- Awarded for: Excellence in the South Indian film industry
- Country: India
- Presented by: Vibri Media
- First award: 22 June 2012 (14 years ago)
- Website: www.siima.in
- Related: Celebrity Cricket League SIIMA Short Film Awards

= South Indian International Movie Awards =

The South Indian International Movie Awards (SIIMA) rewards the artistic and technical achievements of the South Indian film industry.
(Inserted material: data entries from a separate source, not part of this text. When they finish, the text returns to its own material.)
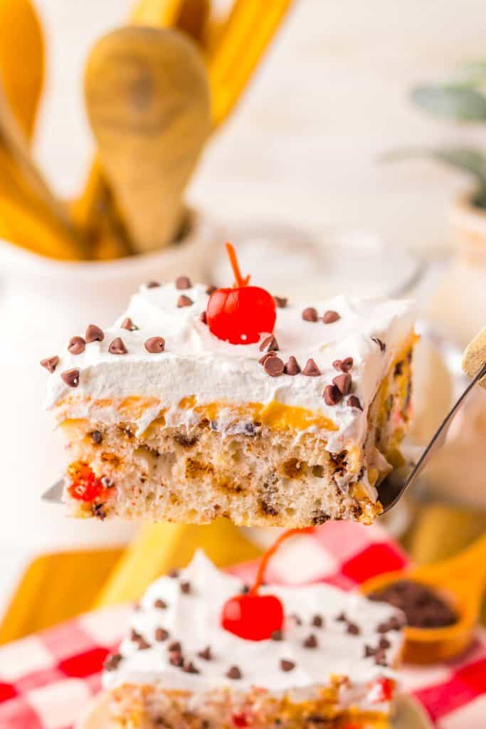 Add sliced bananas when serving it for a fun twist on a banana split. This cake has everything else from a banana split, so it’s an easy addition.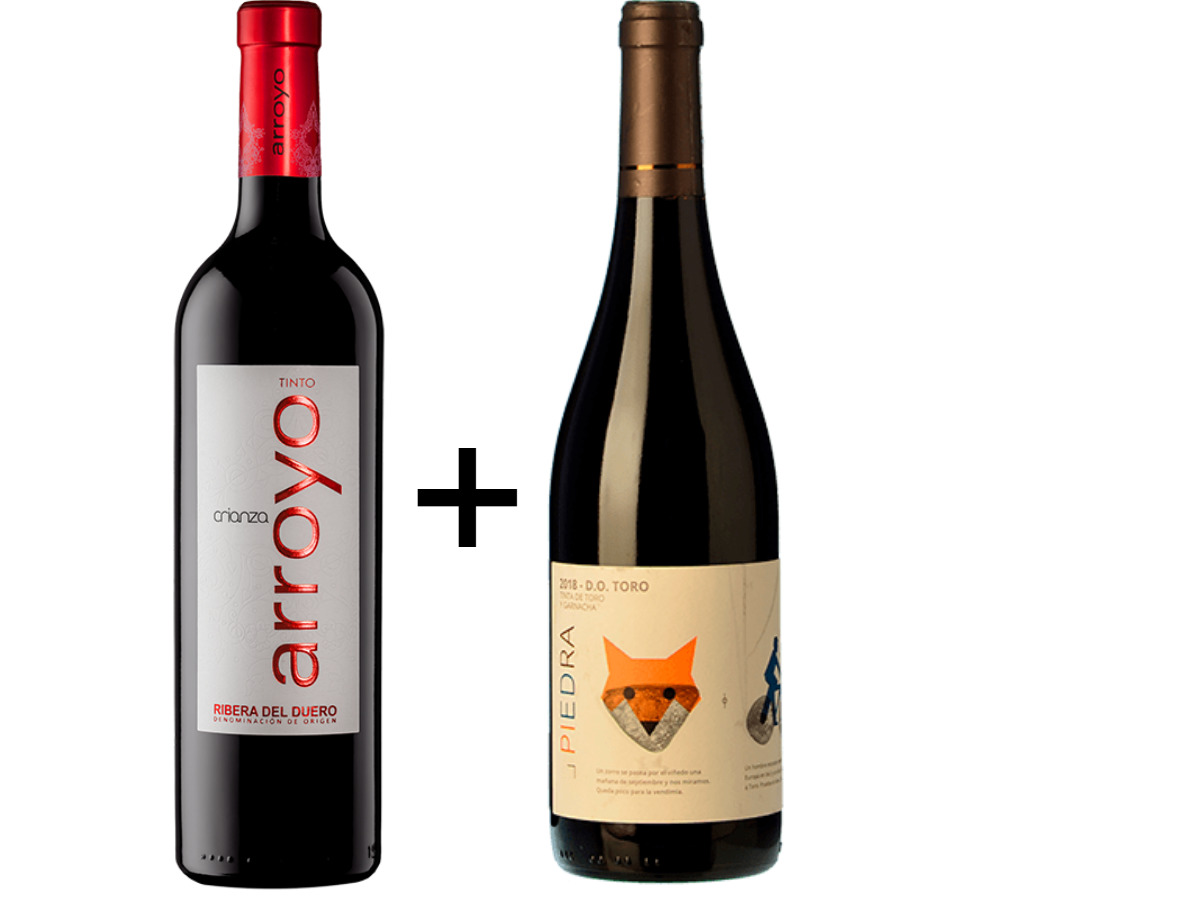 - Pack que agrupa al menos un vino Arroyo Crianza y un vino Piedra Roble.
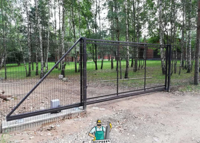 Откатные (сдвижные) ворота из 3d-сетки - вид ворот, набирающий особую популярность в последнее время за счет элегантного внешнего вида. При производстве данного изделия используется высококачественная 3d-сетка с полимерным покрытием. Сетка и сами ворота могут быть любого цвета по желанию заказчика.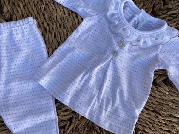 Conjunto jubón y polaina para bebé unisex. Tejido de algodón suave. Estampado de topitos grises sobre fondo blanco. se abrocha mediante botones a presión.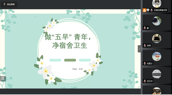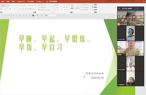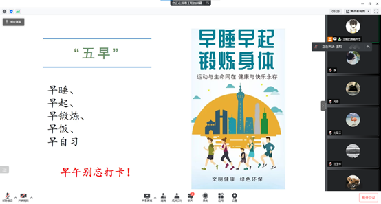10个研究生班级召开了以“五早”(早睡、早起、早锻炼、早饭、早自习)为主题的班团会。班会采取线上和线下相结合的方式进行,红桃视频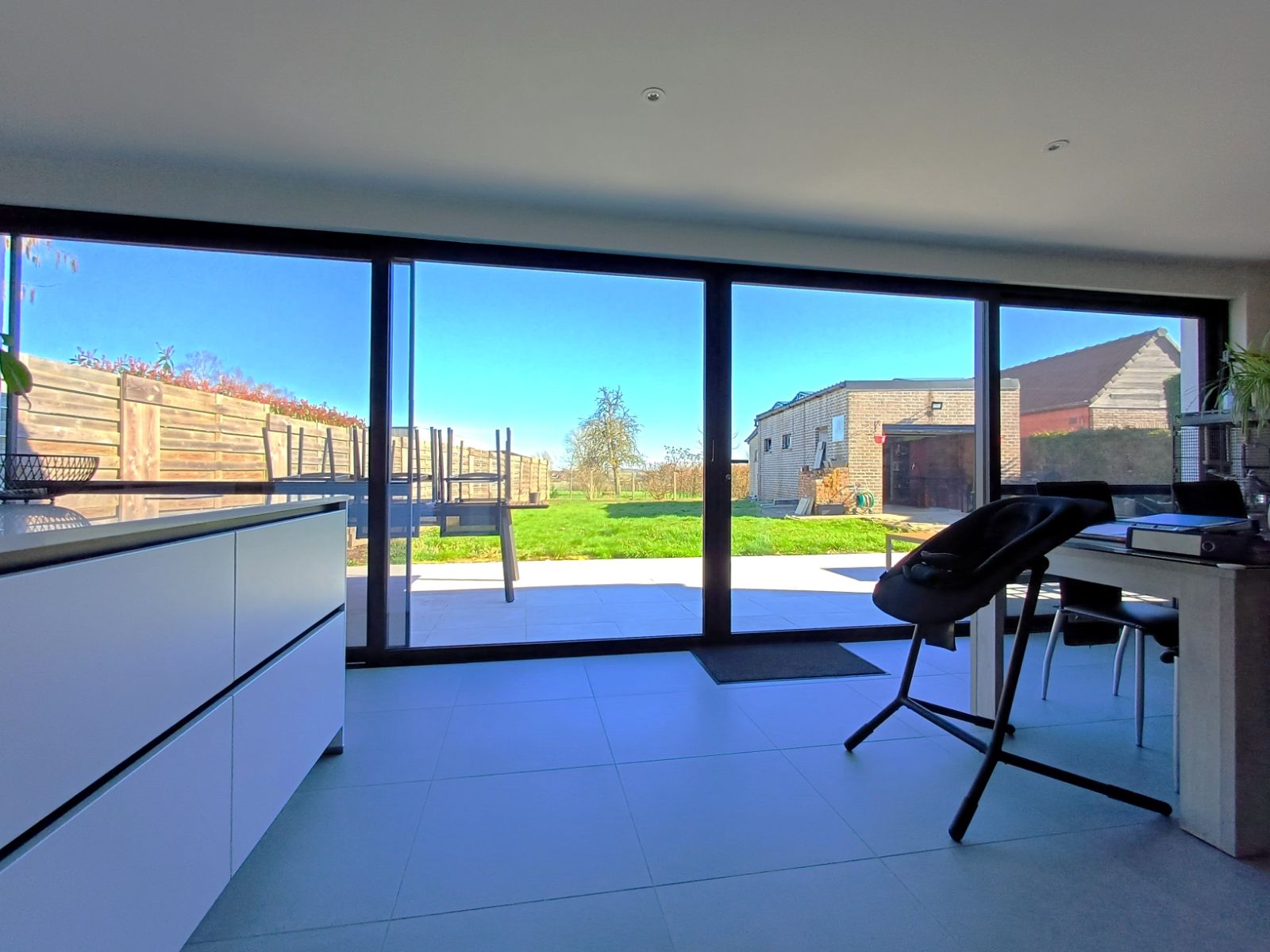 *De ingebouwde kasten in het bureel, de laadpaal en de pelletkachel maken geen onderdeel uit van deze verkoop!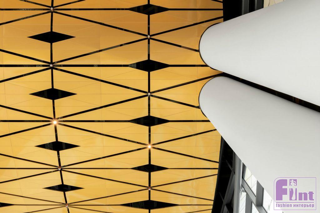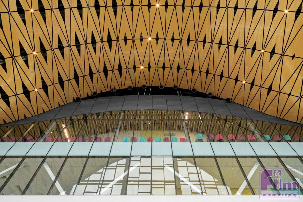 Одной из них стало, например, создание криволинейных поверхностей. По замыслу архитекторов, высокий потолок в зоне холлов должен был повторять идею волны кровли. Для этого использовали потолочный профиль со специально заданным на заводе радиусом изгиба, что существенно облегчило монтаж конструкции. На профиле фиксировалась гнутые цементные плиты толщиной всего 8 мм, после чего на них наносилась штукатура, краска, декоративные покрытия.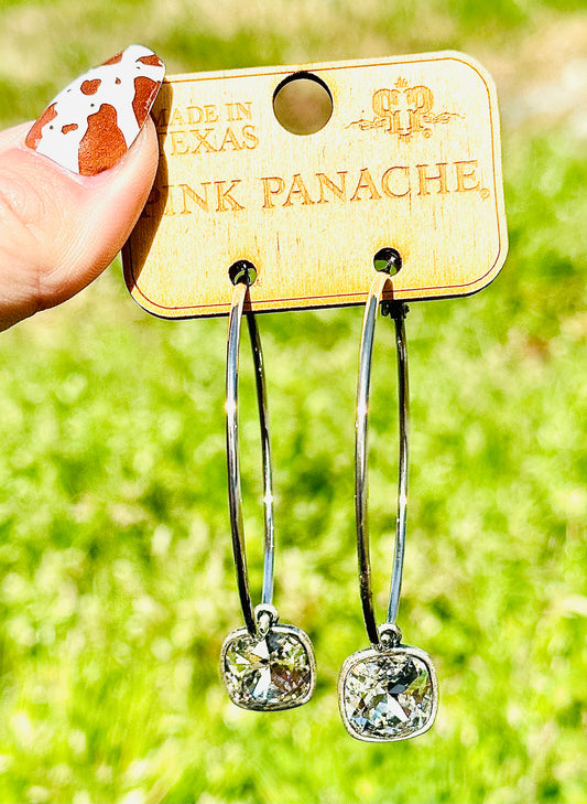 Pink Panache - Silver Hoop With Dangle Rhinestone Earrings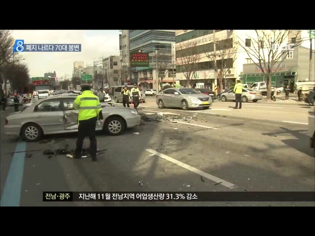 (앵커) 폐지를 나르던 70대 할머니가 택시에 치여 숨졌습니다. 이 택시는 차량 8대도 잇따라 들이받아 택시 기사 등 4명이 다쳤습니다. 송정근 기자입니다. (기자) 종잇장처럼 찌그러져 있는 차량들이 도로 위에 널브러져 있습니다. 도로위의 파편과 현장을 정리하는 사람들로 도로는 아수라장이 됐습니다. 낮 12시쯤, 광주...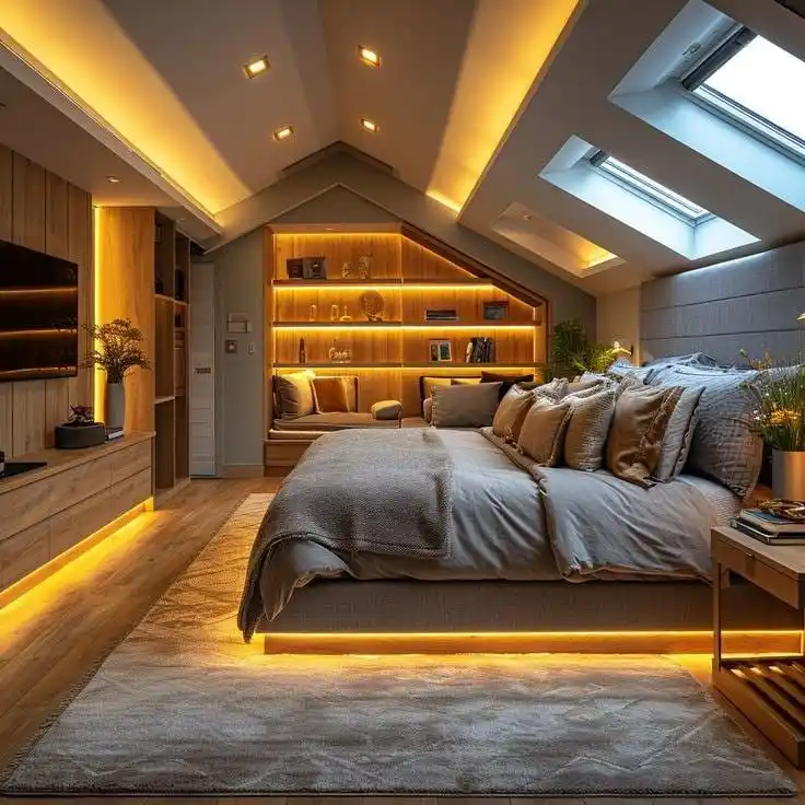 Sleek, minimalist design featuring clean lines and integrated lighting. Perfect for modern loft conversions with contemporary finishes. Handleless doors and premium materials create a sophisticated storage solution that enhances your loft’s modern aesthetic.

It was launched in 2012 by Vishnu Vardhan Induri and Brinda Prasad Adusimilli to appreciate and honour film makers from across the South Indian film industries: Telugu cinema, Tamil cinema, Malayalam cinema, and Kannada cinema, and provide a platform to promote South Indian films in international markets.

==History==
The ceremony was instituted in 2012 by Vishnu Vardhan Induri, the founder of Celebrity Cricket League. Adusumilli Brinda Prasad is the chairperson of SIIMA. The awards are presented in separate parts on two different days. On the first day the most promising upcoming South Indian film artistes are honoured at the Generation Next Awards, while the second day is reserved for the main SIIMA Awards. The award nominees are selected by a jury of senior artistes and professionals and voted for by public polling.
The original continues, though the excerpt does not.